Kozameh published 259 Saltos, Uno Inmortal in 2001, which was later translated into English by Clare E. Sullivan and published by Wings Press in 2006 as Two Hundred Fifty-nine Leaps, the Last Immortal. Introduced by Gwendolyn Diaz, the book is a work of fiction but closely follows Kozameh's experiences as a political exile. The character of Sara, used again from her previous account, mimics Kozameh, being an Argentinean writer who was jailed for more than three years in her native Rosario for conducting government-deemed inappropriate political activism. In the early 1970s, Sara is released from the jails and immigrates to Los Angeles and Mexico to escape the restrictive government in Argentina and to avoid falling into a rut of isolationism like many formerly imprisoned Argentinean activists before her. It is at this point that the narrative begins, focusing on Sara's reflections on life in prison and in virtual political exile. After some time, Sara eventually returns to Argentina. The story itself is pieced together by 259 poetic fragments, including Sara's thoughts, feelings, memories, and experiences.

Faye A. Chadwell, writing in Library Journal, found the writing "complex," but noted that "these lyrical glimpses still effectively convey the emotional consequences of Sara's torture and solitary confinement."

Kozameh published Patas de Avestruz, which translates into English as "Ostrich Legs," in 2003. This was followed by Ofrenda De Propia Piel in 2004. In 2005 and 2006, Kozameh wrote and introduced two volumes called Caleidoscopio: La mujer en la mira and Caleidoscopio 2: Inmigrantes en la mira. She then published, with other former political prisoners, Nosotras, Presas Políticas, 1974-1983 in 2006. These works were followed in 2007 by Basse danse and Fragmento de Cantata.

Kozameh told CA: "I became interested in writing even before knowing how to read and write. I felt the need of expressing myself in a creative way when I was about three years old.

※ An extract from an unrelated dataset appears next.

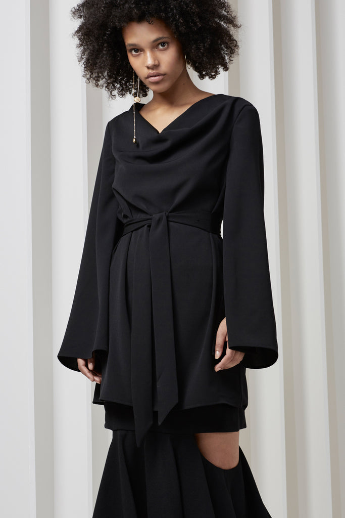 C/meo Collective Interrupt Long Sleeve Dress is your soft drapey mini dress in black, featuring a cowl neck, sheer sleeves and detactable belt. A must have classic. Shop it now at The Annex.
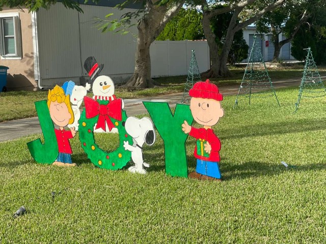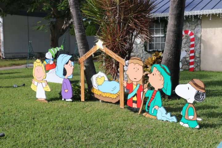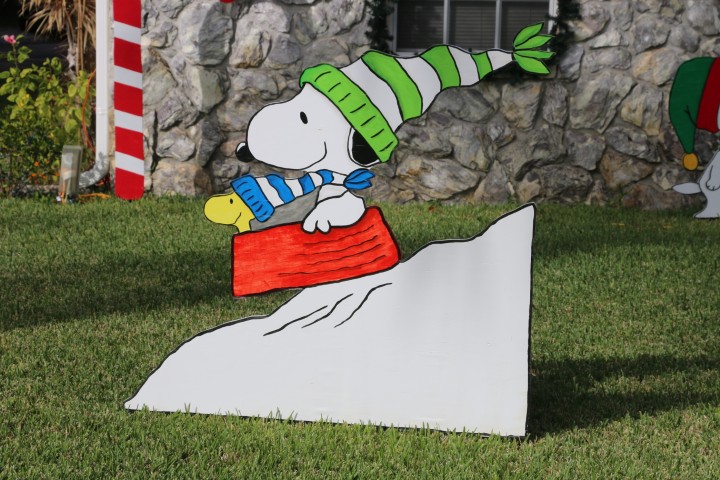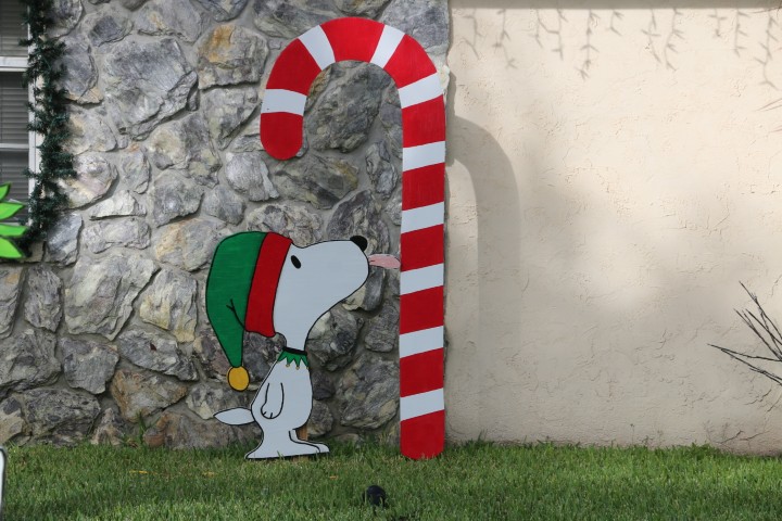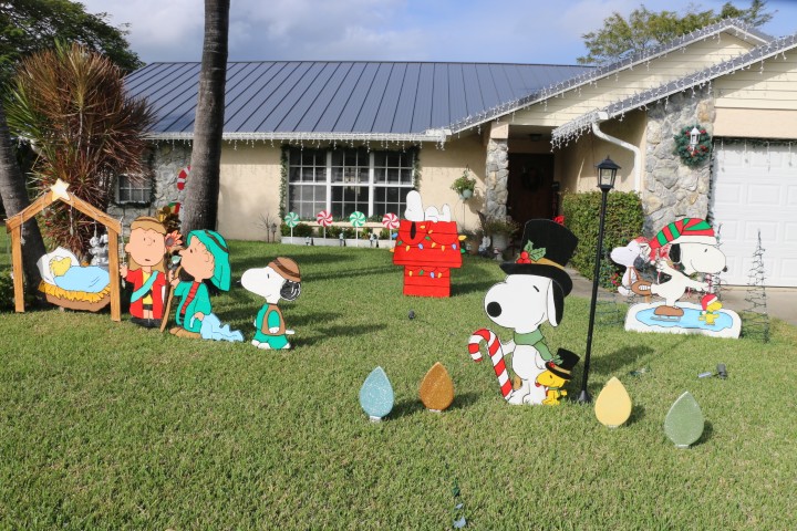 Halloween hat ausgedient. Nun ist Christmas - Schmuck in den Gärten angesagt. Einer hat es mir dann besonders angetan: Die Snoopy-Family macht hier Weihnachten!

I remember asking my mother to write the words I dictated to her.

"The authors I love the most are James Joyce, Samuel Beckett, William Faulkner, and Juan Rulfo, among others.

"I have never had a routine; I don't press myself into writing. The ideas mature and, from inside of my head, they knock on the internal walls of my skull to be liberated. Then, I write. While I'm writing I'm anxious and don't want to be interrupted. The correction and polishing process is what I enjoy the most.

"The most surprising thing I have learned as a writer is that I wouldn't be able to live without writing.

"I want my books to be appreciated for the quality of the writing. Some of them, also, are destined to let the reader know about terrible things we humans may go through during our lifetime, and how we are capable of surviving them and overcoming them."

BIOGRAPHICAL AND CRITICAL SOURCES:

PERIODICALS

Booklist, November 15, 1996, Brian Kenney, review of Steps under Water, p. 570.

Choice: Current Reviews for Academic Libraries, April 1, 1997, review of Steps under Water, p. 1344.

Library Journal, October 15, 1996, Lawrence Olszewski, review of Steps under Water, p. 90; July 1, 2007, Faye A. Chadwell, review of Two Hundred Fifty-nine Leaps, the Last Immortal, p. 79.

New York Times Book Review, January 12, 1997, James Polk, review of Steps under Water.

Publishers Weekly, October 7, 1996, review of Steps under Water, p. 67.

Times Literary Supplement, January 31, 1997, Stephen Henighan, review of Steps under Water, p. 19.

Women's Review of Books, November 1, 1997, Alicia Partnoy, review of Steps under Water, p. 26.

World Literature Today, spring, 1997, Ilan Stavans, review of Steps under Water, p. 361.